| Assigned task |
From the first line to the last, copy the listing exactly and omit the images.
-- Collected material follows --
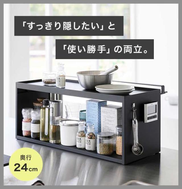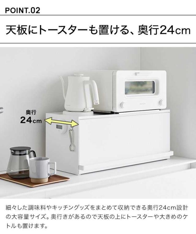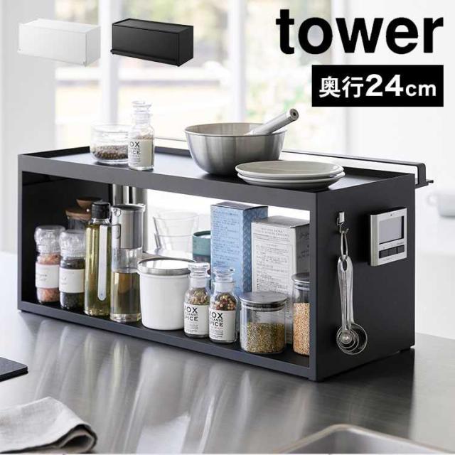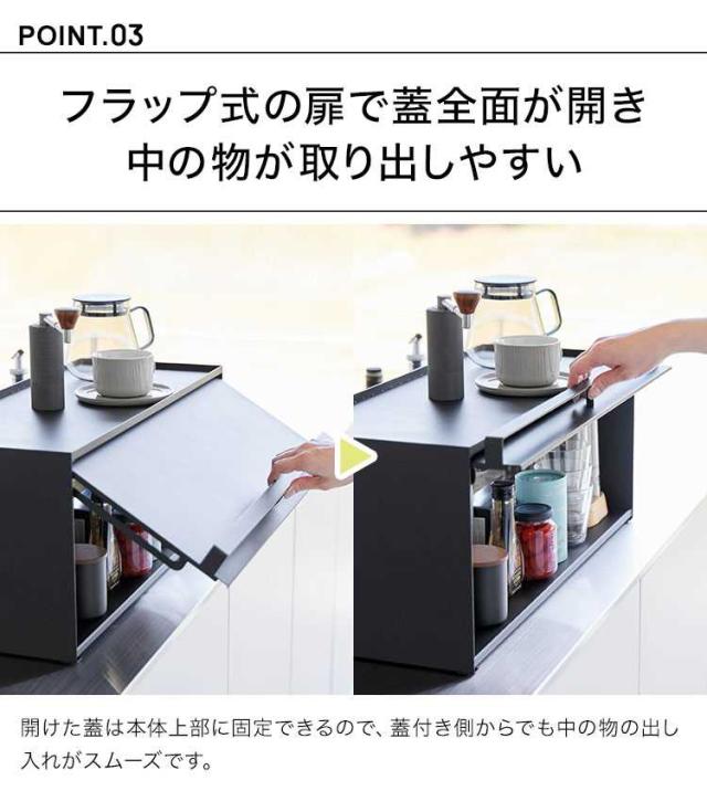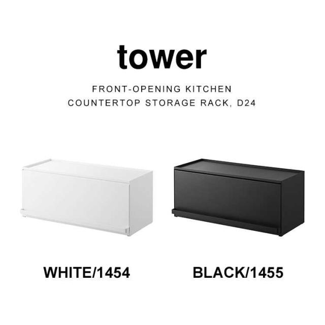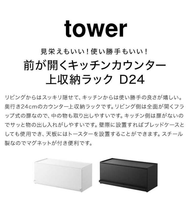 前が開くキッチンカウンター上収納ラック D24 山崎実業 タワー おしゃれ 隠す 大容量 調味料ラック スパイスラック キッチン収納 両面開閉 両面取り出し フラップ扉 片面扉 tower ブレッドケース 扉付き 奥行24 幅60 収納 ラック ケース 棚 ホワイト ブラック 1454 1455 公式
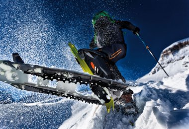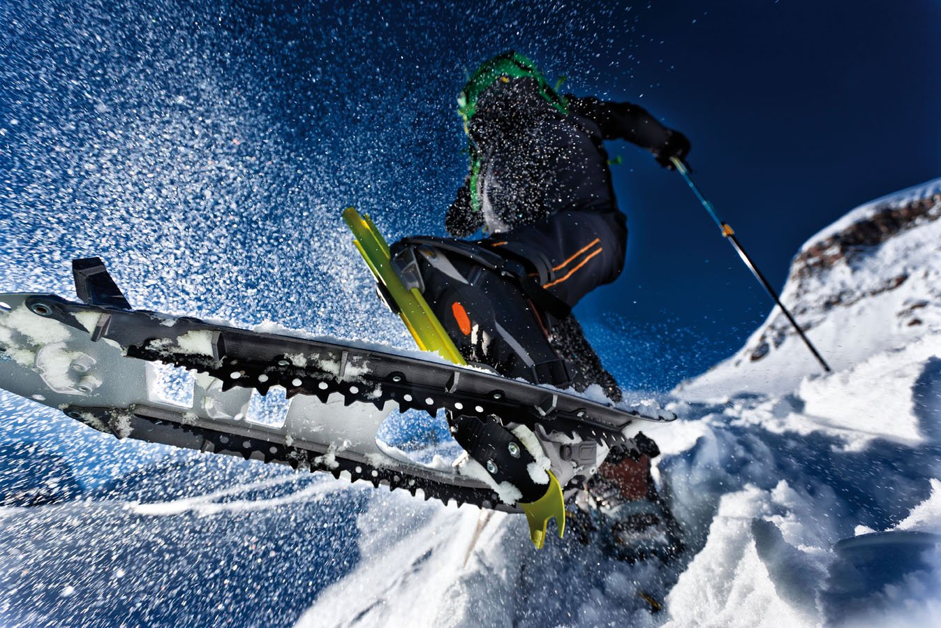 Mit einer einmaligen Kombination aus Funktion und Komfort ist der „999“ auch in vereisten Traversen, verharrschten Passagen oder einfach steilen, tiefverschneite Hängen eine zuverlässige Aufstiegshilfe. Dabei fällt er mit 999 Gramm pro Schuh nicht ins Gewicht und ermöglicht langes, ausdauerndes Gehen, bei Bedarf auch über mehrere Tage.
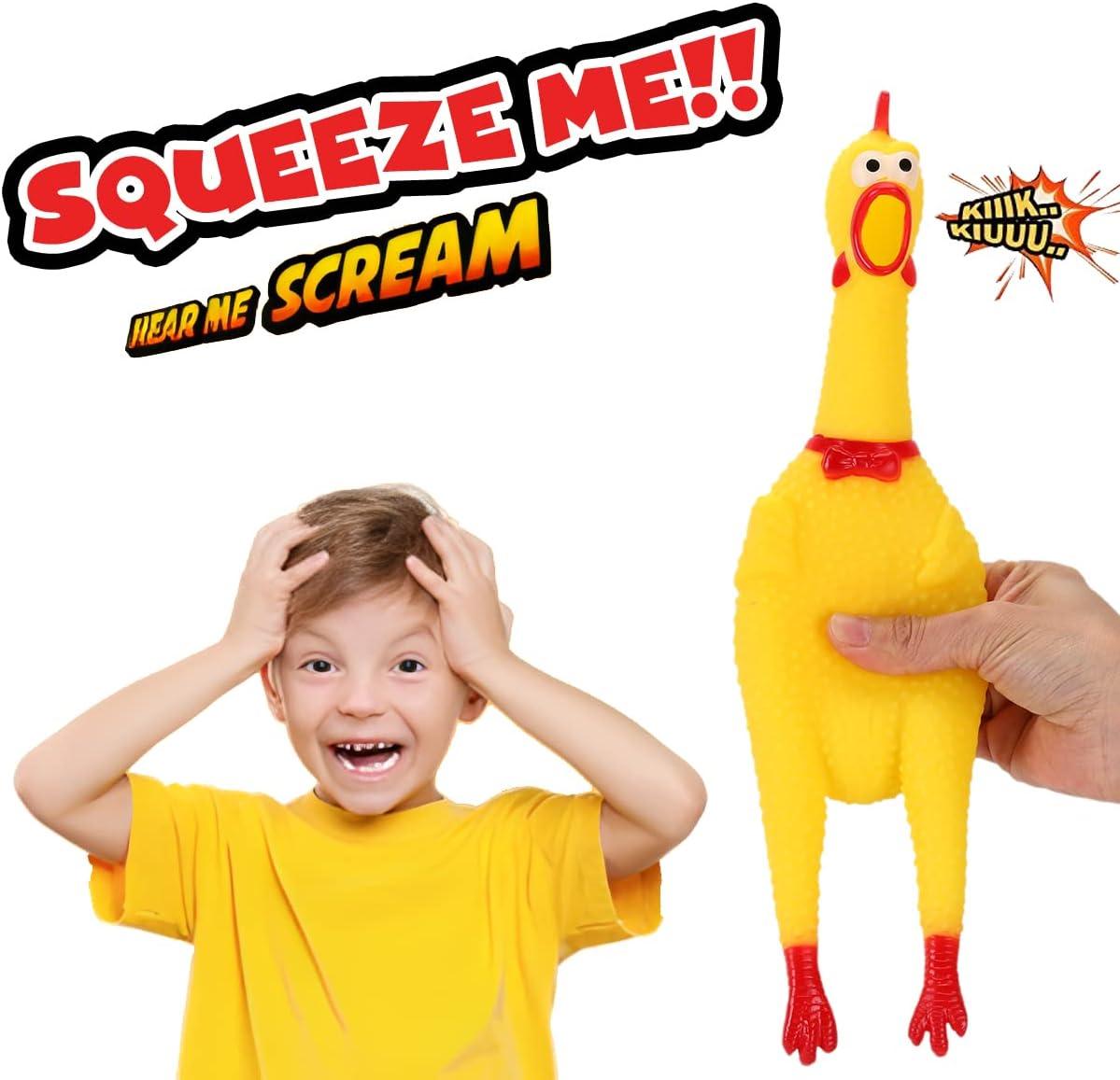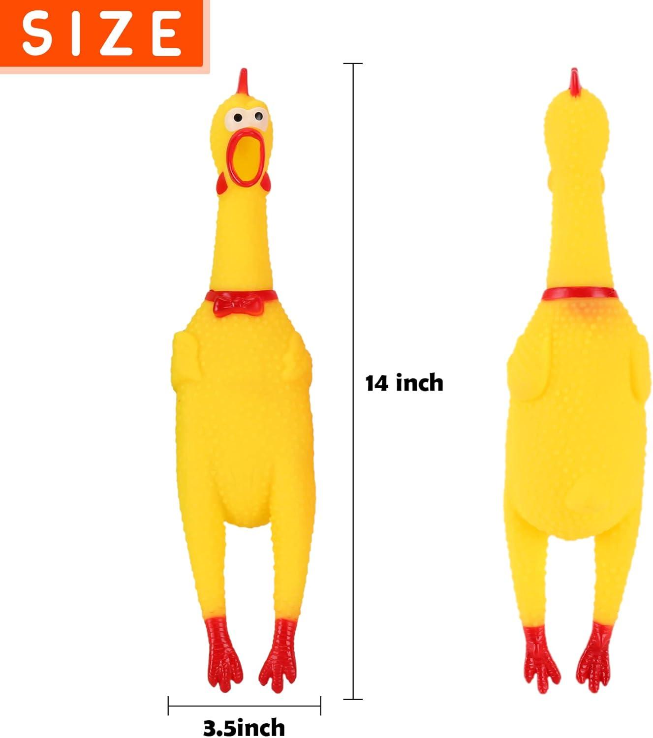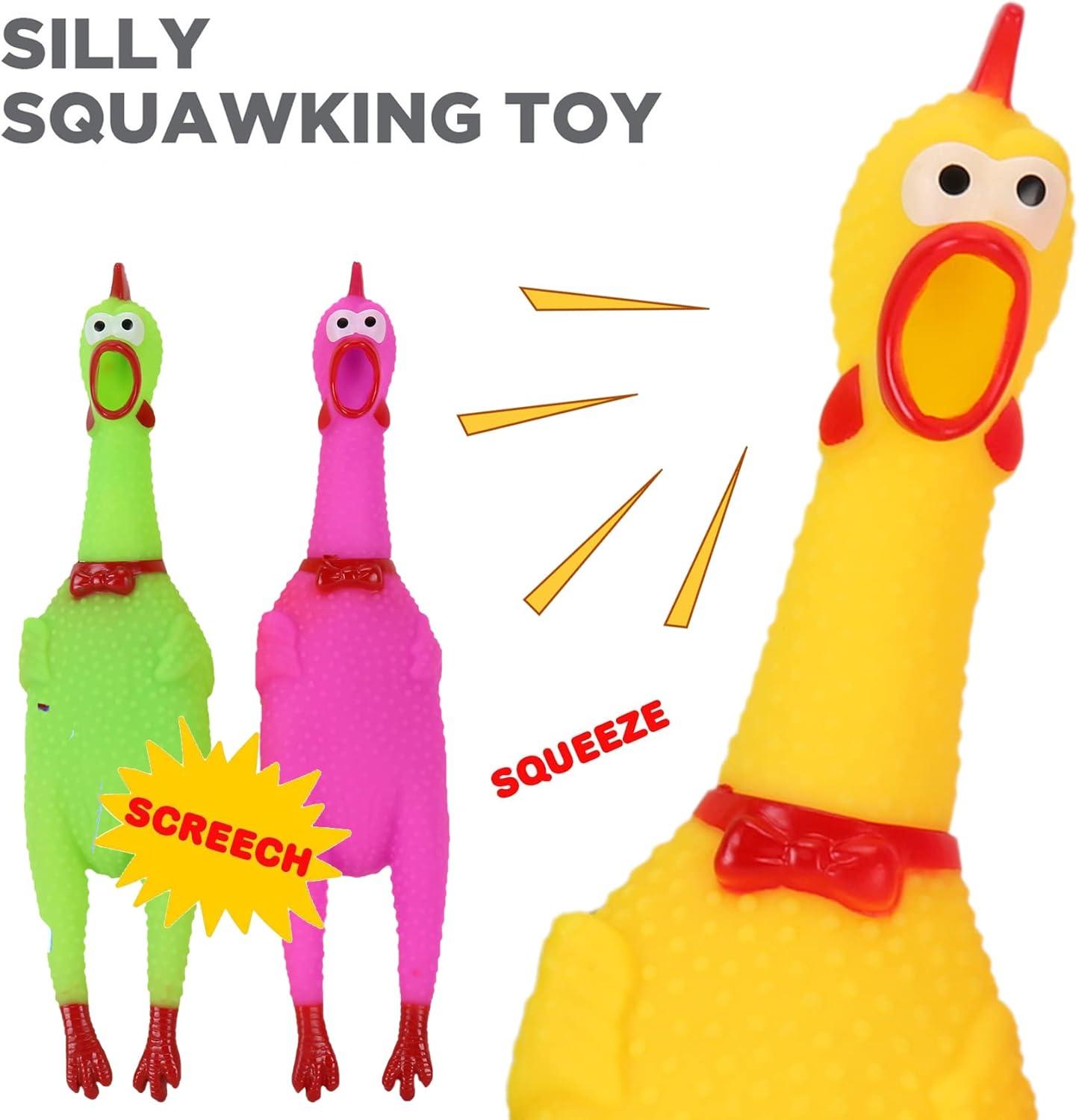 Get ready to bring some noise and laughter to your next family gathering or party with our pack of 3 giant screaming chickens! Available in purple, yellow, and green, these 14-inch rubber chickens are ready to make some noise and add some fun to any occasion. With just a little squeeze, these rubber chickens will shriek with surprise and bring a smile to everyone's face. Constructed of tough, flexible rubber, these toys are designed to take a beating and keep on shrieking. The squawking rubber chickens come with a comical look on their face, ready to make some noise and add some personality to your toy collection. Not only are these giant rubber chickens great for a laugh and a prank, but they also make a perfect stress relief toy. Just give them a good squeeze and hear them squawk away your worries and anxieties. The practical joke rubber chicken is a classic gag that never goes out of style. From the makers of the beloved whoopee cushion, these rubber chickens are the perfect addition to any prankster's arsenal. But they're not just for pranks! These rubber chickens make great toys for kids, adults, cats, and dogs alike. So why not add some fun and laughter to your next party or get-together with our pack of 3 giant screaming chickens? You won't be disappointed!
-- Collected material concluded --
| Response to this task |
 前が開くキッチンカウンター上収納ラック D24 山崎実業 タワー おしゃれ 隠す 大容量 調味料ラック スパイスラック キッチン収納 両面開閉 両面取り出し フラップ扉 片面扉 tower ブレッドケース 扉付き 奥行24 幅60 収納 ラック ケース 棚 ホワイト ブラック 1454 1455 公式
 Mit einer einmaligen Kombination aus Funktion und Komfort ist der „999“ auch in vereisten Traversen, verharrschten Passagen oder einfach steilen, tiefverschneite Hängen eine zuverlässige Aufstiegshilfe. Dabei fällt er mit 999 Gramm pro Schuh nicht ins Gewicht und ermöglicht langes, ausdauerndes Gehen, bei Bedarf auch über mehrere Tage.
 Get ready to bring some noise and laughter to your next family gathering or party with our pack of 3 giant screaming chickens! Available in purple, yellow, and green, these 14-inch rubber chickens are ready to make some noise and add some fun to any occasion. With just a little squeeze, these rubber chickens will shriek with surprise and bring a smile to everyone's face. Constructed of tough, flexible rubber, these toys are designed to take a beating and keep on shrieking. The squawking rubber chickens come with a comical look on their face, ready to make some noise and add some personality to your toy collection. Not only are these giant rubber chickens great for a laugh and a prank, but they also make a perfect stress relief toy. Just give them a good squeeze and hear them squawk away your worries and anxieties. The practical joke rubber chicken is a classic gag that never goes out of style. From the makers of the beloved whoopee cushion, these rubber chickens are the perfect addition to any prankster's arsenal. But they're not just for pranks! These rubber chickens make great toys for kids, adults, cats, and dogs alike. So why not add some fun and laughter to your next party or get-together with our pack of 3 giant screaming chickens? You won't be disappointed!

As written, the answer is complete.